The common shares represented by this proxy
card, when properly executed, will be voted in the manner directed herein. If no direction is
given, the common shares represented by this proxy card, when properly executed, will be voted FOR
the election of each of the nominees listed in Proposal Number 1 as a director of the Company and
FOR Proposal Number 2 to adopt the proposed amendments to Sections 1.04 (A) and 1.04 (B) of the
Companys Code of Regulations.
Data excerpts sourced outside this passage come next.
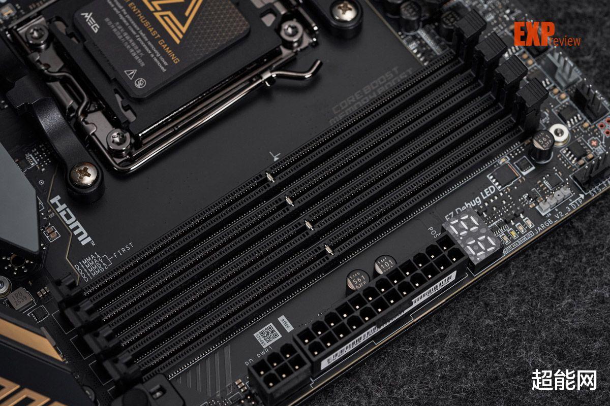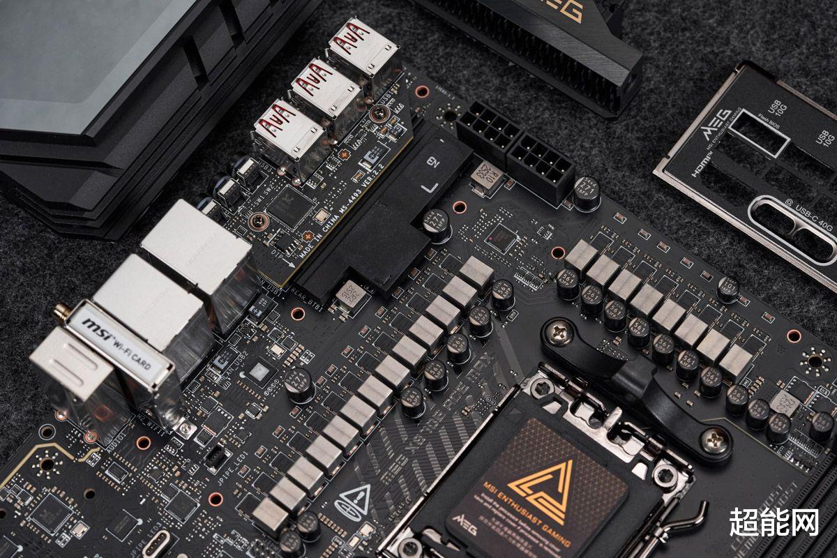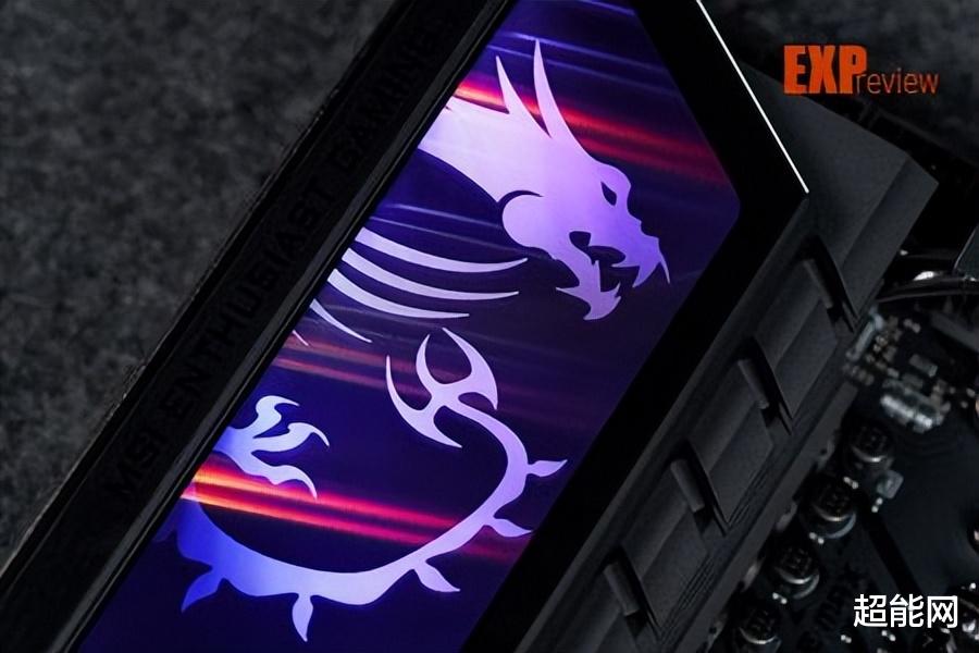 视角转向CPU供电区域,CPU插座上方的散热器有金色的MEG字样,而插座左侧的散热器上面则有巨大的单面镜,亮灯后你能看到巨大的龙图腾,设计比微星去年推出的MEG Z890 ACE主板又上了一个等级。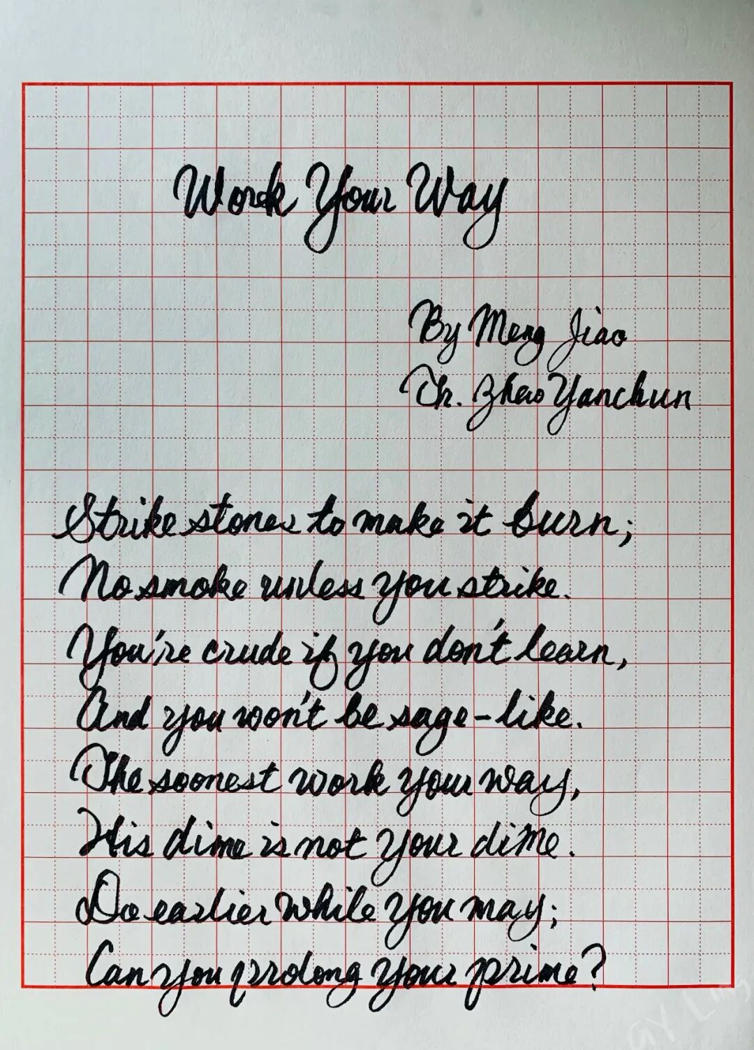 Work Your Way By MENG JiaoTr. ZHAO Yanchun Strike stones to make it burn; No smoke unless you strike.You’re crude if you don’t learn,And you won’t be sage-like.The soonest work your way,His dime is not your dime.Do earlier while you may;Can you prolong your prime?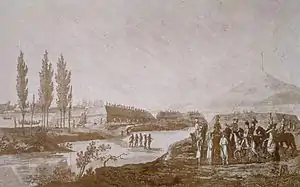 While the siege in Kehl continued, Fürstenberg remained in "observation" at Hüningen, meaning his troops created a surrounding perimeter and initiated construction of earthen works to allow them to assault the fortification later.[23] Probably exceeding his instructions, Fürstenberg offered the commander of the bridgehead, the French general of brigade Jean Charles Abbatucci, the opportunity to surrender, which was declined. Immediately, Fürstenberg's chief engineer opened the fortifications and drained the water-filled moat. In subsequent days, the Austrians expanded ramparts and trenches along the Weyl and to Haltingen. In the night of 30 November – 1 December, Fürstenberg's troops stormed the bridgehead twice, but were twice repulsed.[24] By 20 November, the Austrians had completed construction of the Ferdinand batteries. On the 21–24 of that month, they advanced further, covering the route between Freiburg im Breisgau and Basel, and constructed the batteries of Charles and Elizabeth, which, laying closer to the river, could fire directly into the defenders' redoubts. On the evening of the 24th, the Austrians fired 100 shells and 600 balls into the fortress. On 28 November, Fürstenberg offered General Abbatucci another opportunity to surrender, giving him three hours to consider. Abbatucci responded that any surrender was impossible. In mid-day, a cannonade began that destroyed much of the bridges between the points.[25] This barrage continued for several days, from 28 November until early December. Abbatucci led a sortie in which the French attempted to take one of the batteries from the Austrians. The sortie failed and Abbatucci was wounded in the chest. He died in the evening of 2–3 December.[26]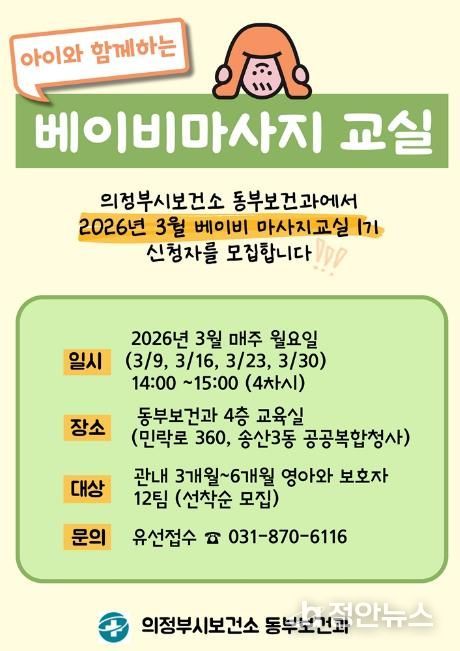 정안뉴스 안정주 기자 | 의정부시 보건소는 2월 24일부터 ‘베이비 마사지교실’ 1기 프로그램에 참여할 3~6개월 영아와 보호자 12팀을 모집한다.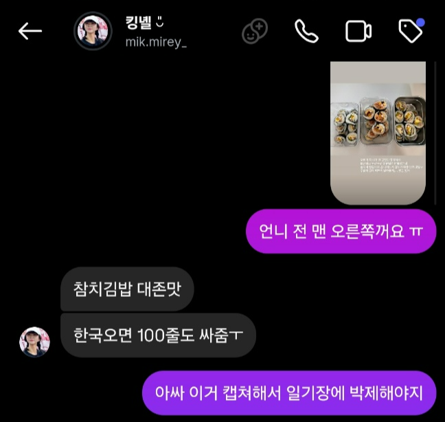 예리밍 언니가 대충 싼 김밥 올렸길래,, 맛있어 보여서 구걸함 흐흐 한국 가면 참치 김밥으로 돈 쓸 일 없겠다 낄낄 ❤️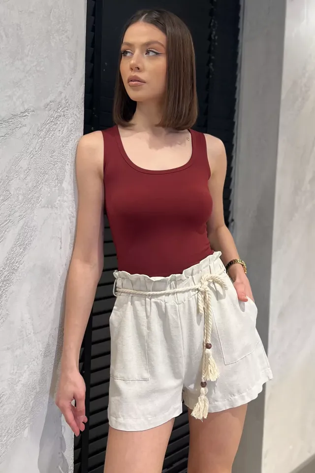 شورت كتان مزوّد بحزام عريض وخصر مطاطي يثبت بشكل مريح. مثالي للإطلالات الكاجوال اليومية للنساء.

If any other matters are properly brought before the Annual Meeting
or any adjournment or if a nominee for election as a director named in the proxy statement is
unable to serve or for good cause will not serve, the common shares represented by this proxy card
will be voted in the discretion of the individuals designated to vote the proxy, to the extent
permitted by applicable law, on such matters or for such substitute nominee(s) as the directors may
recommend.
ALL PROXIES PREVIOUSLY GIVEN OR EXECUTED BY THE UNDERSIGNED TO VOTE THE COMMON SHARES
WHICH THE UNDERSIGNED IS ENTITLED TO VOTE AT THE ANNUAL MEETING ARE HEREBY REVOKED. The
undersigned acknowledges receipt of the accompanying Notice of Annual Meeting of Shareholders and
Proxy Statement for the June 6, 2007 meeting.
THIS PROXY IS SOLICITED ON BEHALF OF THE BOARD OF
DIRECTORS OF AIRNET SYSTEMS, INC. PLEASE ACT PROMPTLY SIGN, DATE AND MAIL YOUR PROXY CARD TODAY.